Schwanenpaar (Foto: Pixabay/hansbenn)

Wilderei in Naturschutzgebiet Moselaue

  12.04.2020 | 08:15 Uhr

In der Moselaue zwischen Besch und Nennig haben offenbar Wilderer ihr Unwesen getrieben. Wie der NABU mitteilte, wurden dort mehrere Wasservögel und andere Tiere gefunden, die durch Schussverletzungen getötet wurden.

Aktuell wurden nach Angaben des Naturschutzbundes (NABU) Saar vier geschossene Höckerschwäne, ein Silberreiher, ein geschossenes Reh sowie ein Dachs gefunden. Bei den Schwänen wurde das Brustfleisch fachmännisch abgetrennt.

Wie der NABU berichtet, hätten Besucher des Gebietes eine sitzende Person mit einem Gewehr an einem Weiher gesehen. Zudem hätten Zeugen einen Schuss gehört. Die Polizei habe Ermittlungen aufgenommen. Der NABU bittet Wanderer, Radfahrer und Angler um verstärkte Aufmerksamkeit. Wer etwas Verdächtiges sehe, wird gebeten, es der Polizei zu melden.

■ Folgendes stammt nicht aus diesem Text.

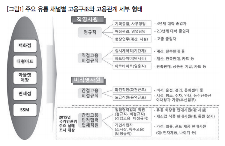 국내 유통업체의 고용구조는 직영사원(원청업체 정규직, 직접고용 비정규직)과 비직영사원(간접고용 비정규직, 입점협력업체 직원, 개인사업자 형태 전문판매 직원 등, 비율 약 75∼85%)으로 구분할 수 있다. 그런데 백화점, 면세점, 할인점 등 주요 유통업의 고용형태는 대부분 비정규직과 입점협력업체(수수료, 임대매장) 종사자로 이들의 수는 정규직보다 훨씬 많다.
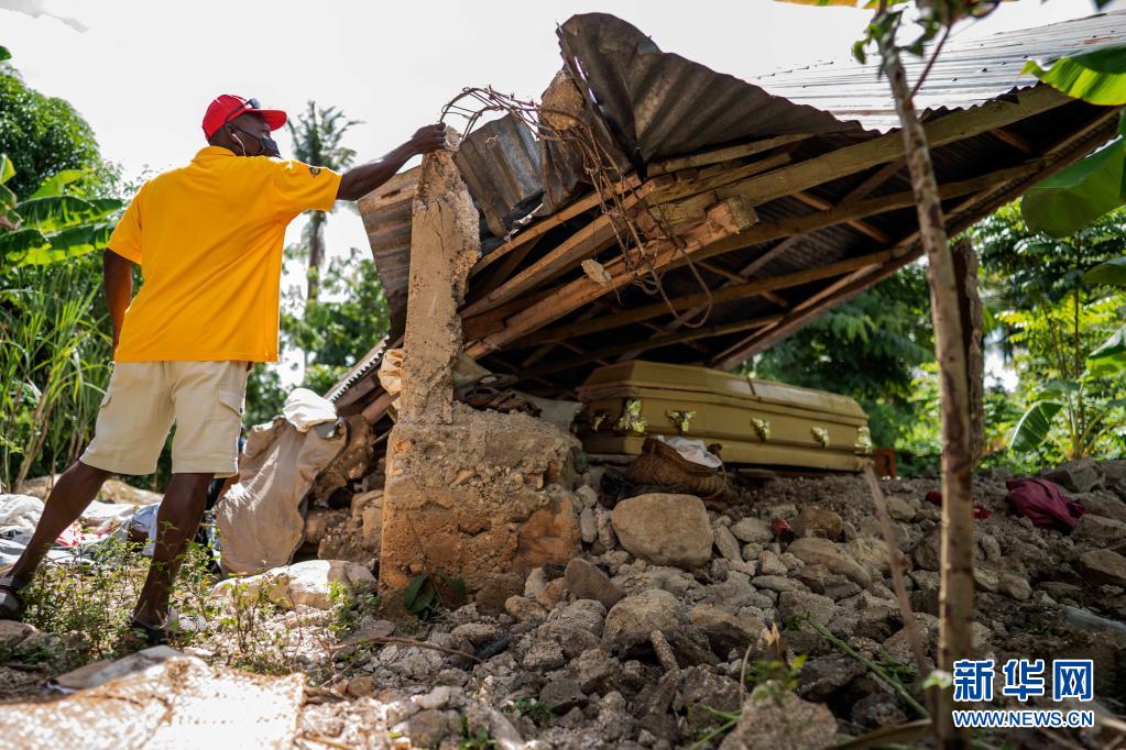 8月19日,海地尼普斯省的一名男子检查因地震受损的房屋。
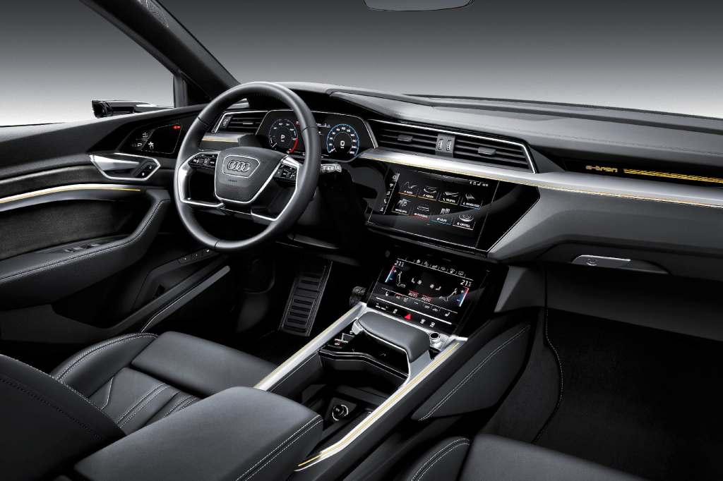 실내 디자인은 가로로 길게 뻗은 대시보드와 햅틱 피드백 기능이 있는 듀얼 터치 스크린 구성의 MMI 내비게이션 플러스 및 MMI 터치 리스폰스, 풀 LCD 계기판 중심의 버추얼 콕핏 플러스와 헤드업 디스플레이 등을 갖춰 A6/A7, Q7/Q8 등과 기본 구성이 비슷하다. 다만 계기판에는 엔진회전계 대신 모터 출력 및 회생제동 활동도를 표시하는 파워 미터가 표시되고, 스티어링 휠에는 회생제동 강도 조절 패들이 달려 있다. 기어 레버는 레버 전체가 아니라 고정된 받침대에 손을 올려놓았을 때 손가락이 닿는 부분만 조절되는 방식이다. 또한, 앞좌석 사이 센터 콘솔에는 깊이 파인 수납공간이 마련되어 있다.
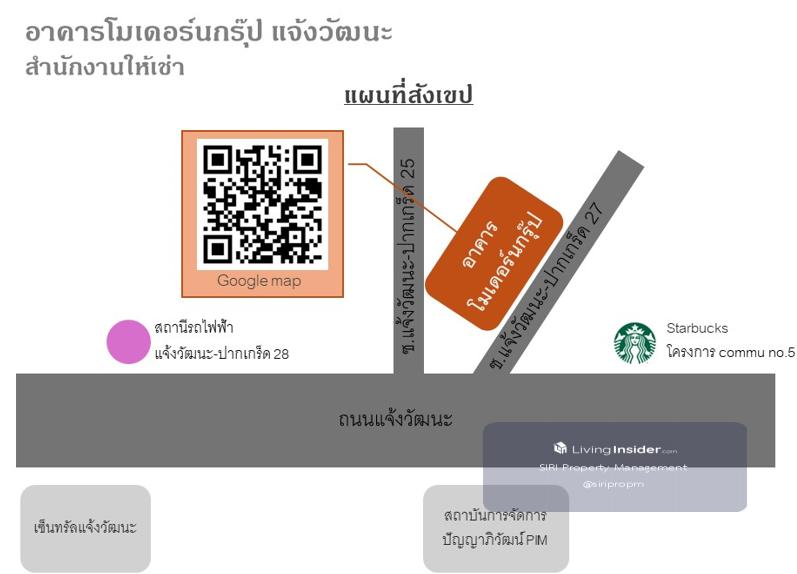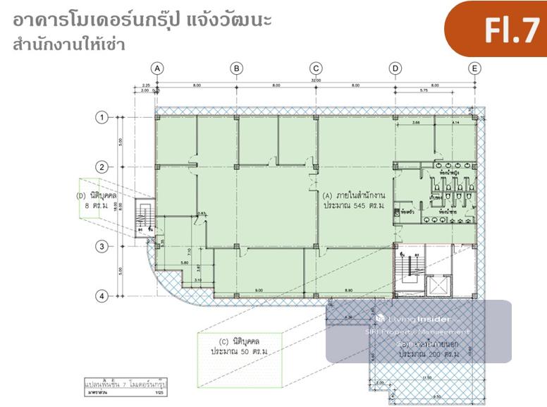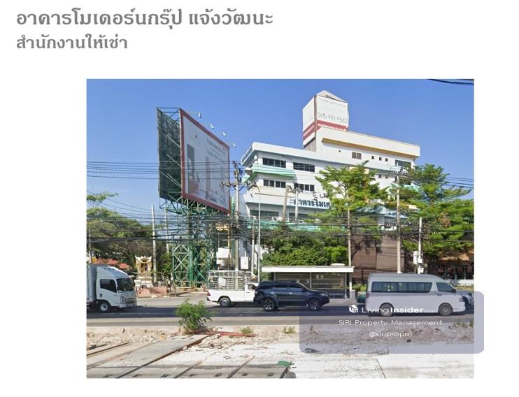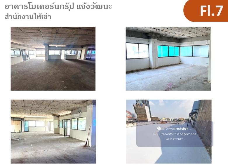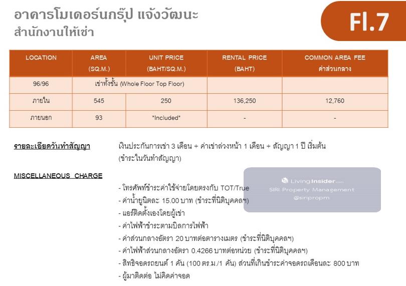 Office, 7th floor, Modern Group Tower, Pakkred-Chaengwattana Internal area 545 sq m. Outside area 93 sq m. Total 638 sq m. - Parking rights for 1 car per 100 sq m. - Visitors do not charge for parking - Water fee is 15 baht per unit -Electricity bill paid according to the electricity-air bill Tenants install it themselves -Common fee 20 baht per square meter - Central electricity fee at the rate of 0.4266 baht per square meter Contact Tel: Contact number Line: @siripropm

Auenschutzgebiet mit europäischem Status

In der Moselaue zwischen Besch und Nennig liegt im Baggerweihergebiet das größte saarländische Auenschutzgebiet mit europäischem Schutzstatus. Neben zahlreichen privaten Weiherflächen und Teichen von Angelsportvereinen gehören der NABU-Stiftung nach eigenen Angaben dort große Schutzgebietsflächen. Das Gebiet sei ein überregional bedeutsames Rastgebiet für Wasservögel. Die Jagd auf Wasservögel ist dort verboten.